> **Records for the exercise**:
====

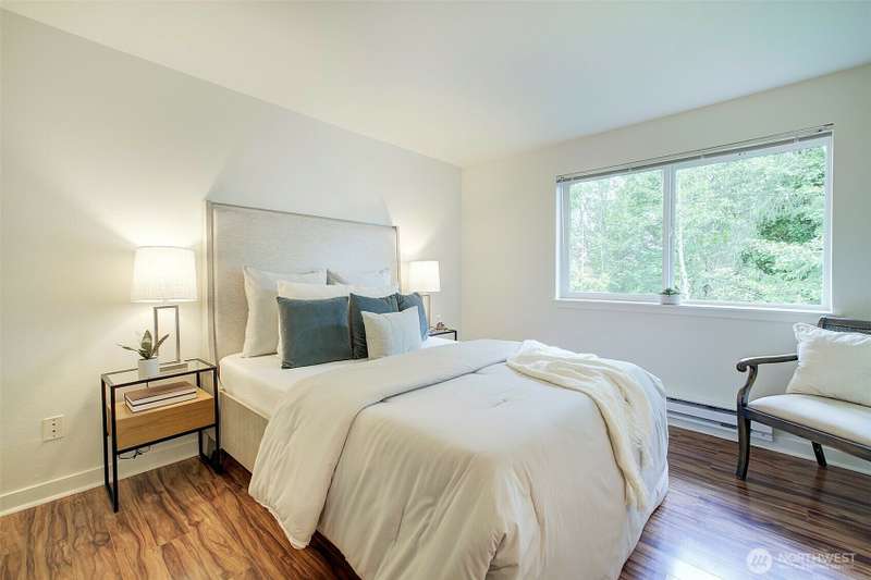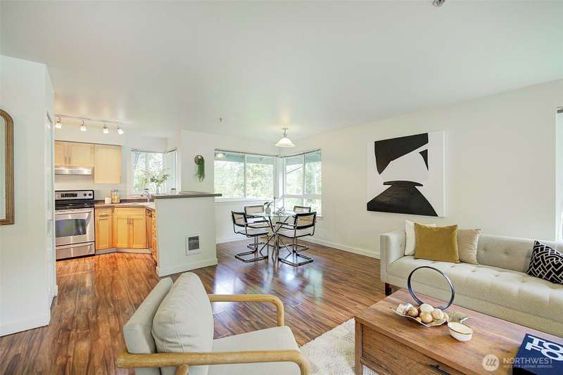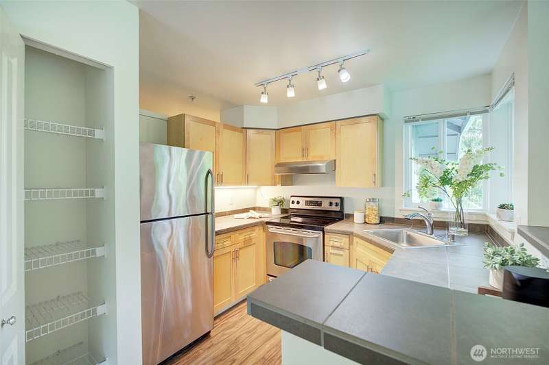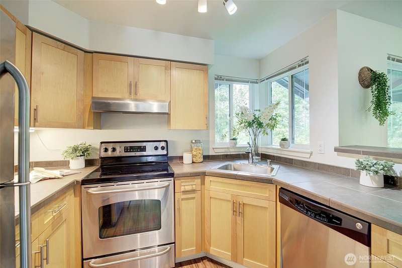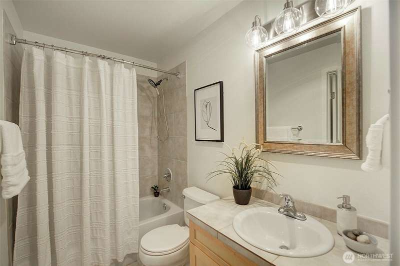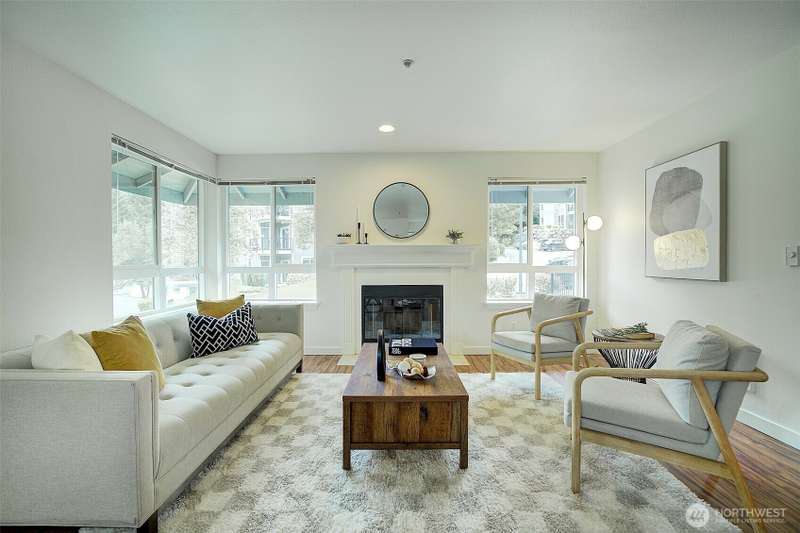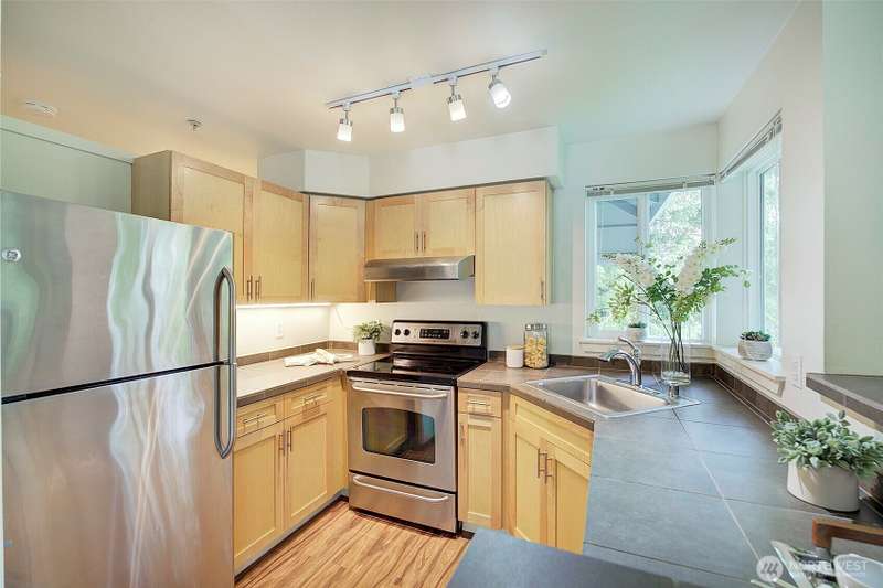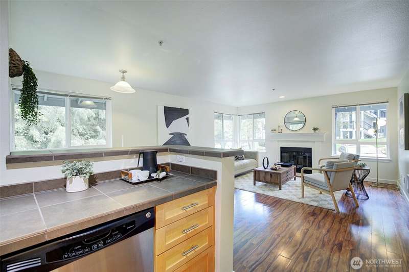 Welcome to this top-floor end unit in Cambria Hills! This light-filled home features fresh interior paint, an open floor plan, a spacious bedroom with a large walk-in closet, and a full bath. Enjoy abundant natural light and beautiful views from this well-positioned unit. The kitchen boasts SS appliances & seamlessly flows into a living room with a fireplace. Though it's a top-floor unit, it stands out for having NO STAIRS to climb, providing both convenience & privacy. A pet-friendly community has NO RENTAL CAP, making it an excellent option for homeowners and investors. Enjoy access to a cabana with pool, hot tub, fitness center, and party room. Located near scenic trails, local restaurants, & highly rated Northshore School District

====

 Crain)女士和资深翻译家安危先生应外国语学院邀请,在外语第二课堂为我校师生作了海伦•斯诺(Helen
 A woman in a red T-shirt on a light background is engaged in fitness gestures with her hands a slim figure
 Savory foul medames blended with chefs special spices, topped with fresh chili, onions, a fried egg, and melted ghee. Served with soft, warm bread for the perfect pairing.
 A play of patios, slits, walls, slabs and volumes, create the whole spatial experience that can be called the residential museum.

====

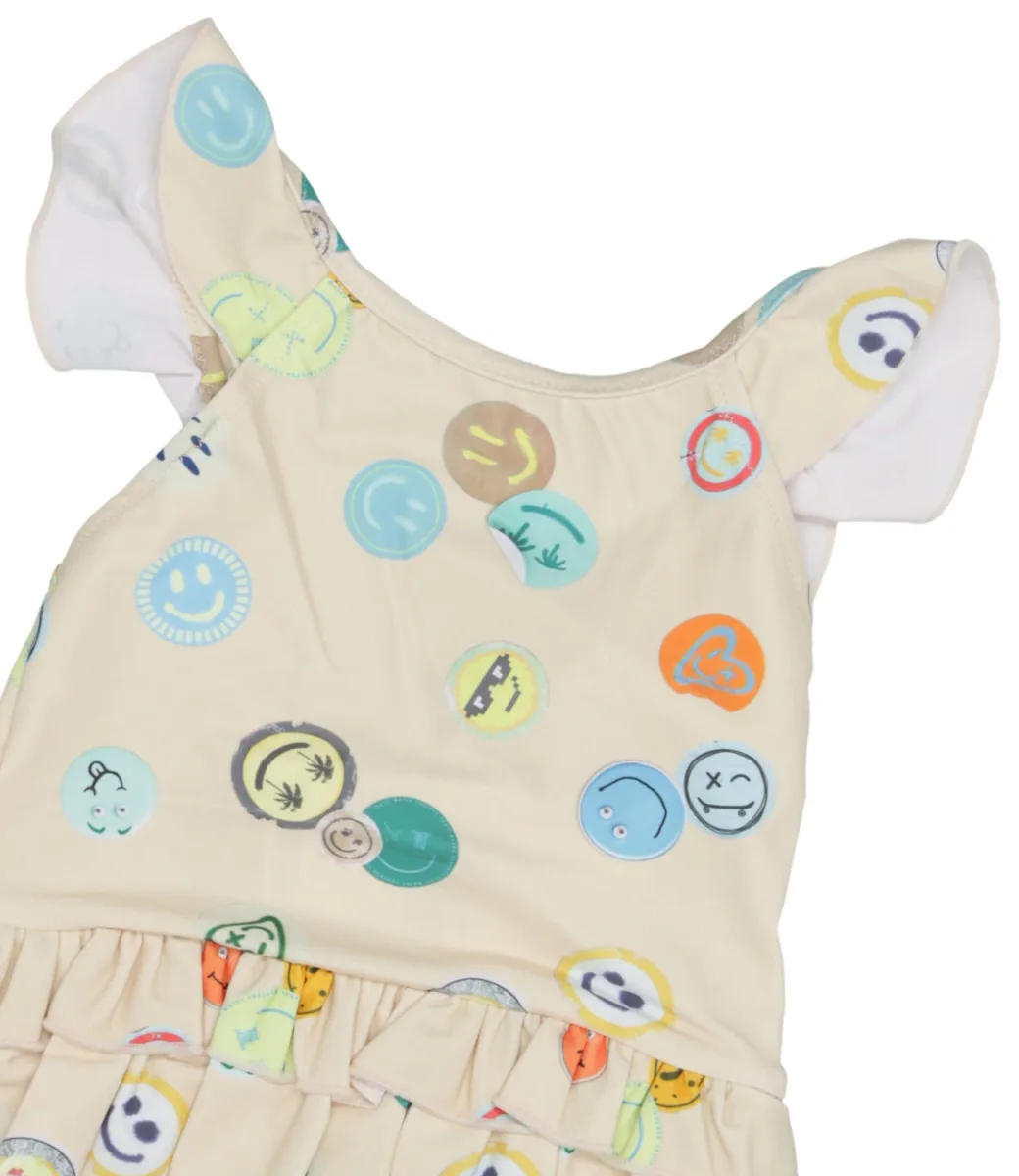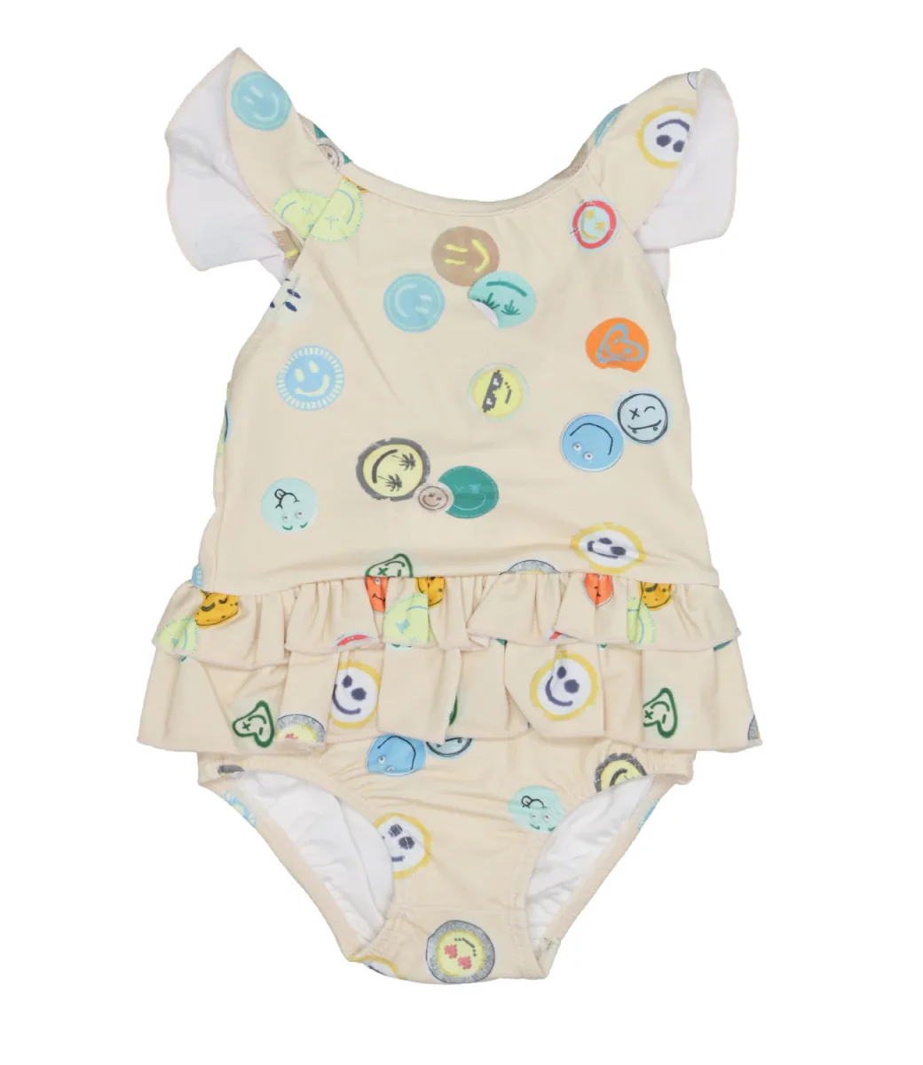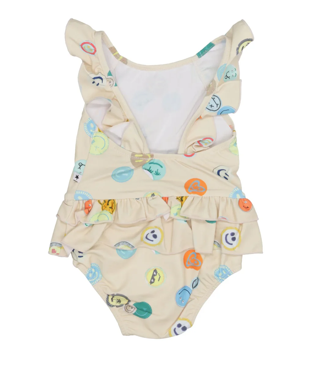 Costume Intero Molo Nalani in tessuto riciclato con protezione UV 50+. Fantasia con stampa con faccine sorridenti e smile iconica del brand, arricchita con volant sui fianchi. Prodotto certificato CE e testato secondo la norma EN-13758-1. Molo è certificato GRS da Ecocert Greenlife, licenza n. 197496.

====

> **Activity**:
Please give an exact copy of the entries above, from the line with "Crain)女士和资深翻译家" down to the line with "A play of patios, slits, walls, slabs", inclusive, and nothing else.

> **Written solution**:
 Crain)女士和资深翻译家安危先生应外国语学院邀请,在外语第二课堂为我校师生作了海伦•斯诺(Helen
 A woman in a red T-shirt on a light background is engaged in fitness gestures with her hands a slim figure
 Savory foul medames blended with chefs special spices, topped with fresh chili, onions, a fried egg, and melted ghee. Served with soft, warm bread for the perfect pairing.
 A play of patios, slits, walls, slabs and volumes, create the whole spatial experience that can be called the residential museum.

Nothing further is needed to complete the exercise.